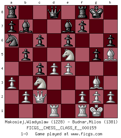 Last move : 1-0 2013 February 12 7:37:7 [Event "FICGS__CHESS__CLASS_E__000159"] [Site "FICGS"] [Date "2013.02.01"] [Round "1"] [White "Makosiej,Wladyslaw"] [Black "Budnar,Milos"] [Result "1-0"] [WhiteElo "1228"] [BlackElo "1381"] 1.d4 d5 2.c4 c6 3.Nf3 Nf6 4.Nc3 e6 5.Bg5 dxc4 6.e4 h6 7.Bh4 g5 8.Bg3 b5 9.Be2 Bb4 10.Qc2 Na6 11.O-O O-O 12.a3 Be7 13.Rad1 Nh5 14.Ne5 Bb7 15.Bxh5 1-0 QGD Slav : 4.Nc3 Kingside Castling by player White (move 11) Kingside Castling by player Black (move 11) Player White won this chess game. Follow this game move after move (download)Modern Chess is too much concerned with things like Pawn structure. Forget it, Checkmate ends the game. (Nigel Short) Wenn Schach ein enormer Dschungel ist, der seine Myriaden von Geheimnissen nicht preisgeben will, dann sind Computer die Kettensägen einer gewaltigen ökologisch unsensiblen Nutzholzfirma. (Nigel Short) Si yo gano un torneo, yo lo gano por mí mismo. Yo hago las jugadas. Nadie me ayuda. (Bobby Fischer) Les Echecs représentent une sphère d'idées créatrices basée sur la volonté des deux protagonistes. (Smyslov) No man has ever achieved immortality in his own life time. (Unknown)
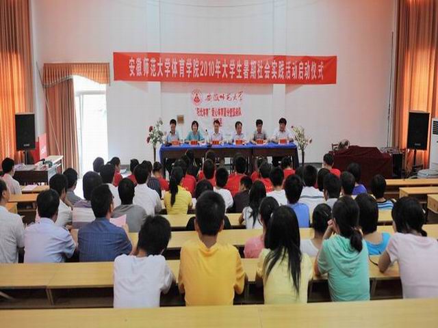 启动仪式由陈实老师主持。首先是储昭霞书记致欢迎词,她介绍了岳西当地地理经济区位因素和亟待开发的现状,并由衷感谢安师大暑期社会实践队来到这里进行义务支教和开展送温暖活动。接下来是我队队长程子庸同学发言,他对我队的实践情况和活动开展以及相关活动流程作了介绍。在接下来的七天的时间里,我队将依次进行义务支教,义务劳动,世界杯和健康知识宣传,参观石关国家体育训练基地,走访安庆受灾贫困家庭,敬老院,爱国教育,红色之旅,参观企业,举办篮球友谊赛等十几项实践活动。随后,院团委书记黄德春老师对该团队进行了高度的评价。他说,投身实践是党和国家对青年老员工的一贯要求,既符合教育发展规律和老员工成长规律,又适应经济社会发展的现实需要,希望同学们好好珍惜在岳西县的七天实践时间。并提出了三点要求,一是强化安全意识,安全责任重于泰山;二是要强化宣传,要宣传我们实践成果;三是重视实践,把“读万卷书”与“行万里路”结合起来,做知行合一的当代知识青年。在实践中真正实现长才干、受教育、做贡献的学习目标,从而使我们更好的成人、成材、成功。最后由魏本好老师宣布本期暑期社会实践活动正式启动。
━━━━━━━━━━━━━━━━
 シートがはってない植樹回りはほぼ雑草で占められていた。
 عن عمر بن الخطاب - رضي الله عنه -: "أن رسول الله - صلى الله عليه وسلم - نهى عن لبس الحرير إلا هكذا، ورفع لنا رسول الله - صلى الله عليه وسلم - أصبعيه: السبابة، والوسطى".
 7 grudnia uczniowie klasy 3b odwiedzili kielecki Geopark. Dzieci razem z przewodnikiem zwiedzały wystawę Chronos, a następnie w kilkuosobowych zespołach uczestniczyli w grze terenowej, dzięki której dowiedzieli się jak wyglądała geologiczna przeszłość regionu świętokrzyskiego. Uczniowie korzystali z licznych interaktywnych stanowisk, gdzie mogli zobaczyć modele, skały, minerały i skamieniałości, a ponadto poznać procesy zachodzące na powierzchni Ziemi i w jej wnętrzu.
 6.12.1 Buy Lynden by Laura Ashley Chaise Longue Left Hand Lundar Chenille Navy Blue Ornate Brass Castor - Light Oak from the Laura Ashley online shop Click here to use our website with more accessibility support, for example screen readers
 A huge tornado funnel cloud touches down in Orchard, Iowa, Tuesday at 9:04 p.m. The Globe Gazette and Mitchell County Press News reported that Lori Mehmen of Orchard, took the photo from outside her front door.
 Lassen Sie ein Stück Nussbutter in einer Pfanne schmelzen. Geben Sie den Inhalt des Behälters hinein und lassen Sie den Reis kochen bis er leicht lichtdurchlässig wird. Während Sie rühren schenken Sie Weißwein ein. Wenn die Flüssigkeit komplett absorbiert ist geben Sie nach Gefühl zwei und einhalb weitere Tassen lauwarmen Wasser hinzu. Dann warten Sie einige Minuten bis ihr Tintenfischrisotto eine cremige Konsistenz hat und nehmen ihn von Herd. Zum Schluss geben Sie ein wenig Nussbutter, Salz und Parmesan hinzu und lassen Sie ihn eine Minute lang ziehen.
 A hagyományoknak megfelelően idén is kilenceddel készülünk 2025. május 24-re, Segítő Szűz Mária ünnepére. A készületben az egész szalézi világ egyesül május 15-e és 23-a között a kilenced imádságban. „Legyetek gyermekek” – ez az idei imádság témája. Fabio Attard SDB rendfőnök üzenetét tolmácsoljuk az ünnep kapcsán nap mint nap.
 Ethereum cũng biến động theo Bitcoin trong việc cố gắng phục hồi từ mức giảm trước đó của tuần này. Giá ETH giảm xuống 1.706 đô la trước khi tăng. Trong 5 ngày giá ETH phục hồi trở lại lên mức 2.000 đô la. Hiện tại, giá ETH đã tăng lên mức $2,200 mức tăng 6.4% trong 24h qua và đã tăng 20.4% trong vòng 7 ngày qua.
━━━━━━━━━━━━━━━━
**Activity:** Take the entries above and return only the lines from the one with "シートがはってない植樹回りはほぼ雑草で占められていた。" to the one with "عن عمر بن الخطاب", both included, unchanged.

**Reply to the task:**
 シートがはってない植樹回りはほぼ雑草で占められていた。
 عن عمر بن الخطاب - رضي الله عنه -: "أن رسول الله - صلى الله عليه وسلم - نهى عن لبس الحرير إلا هكذا، ورفع لنا رسول الله - صلى الله عليه وسلم - أصبعيه: السبابة، والوسطى".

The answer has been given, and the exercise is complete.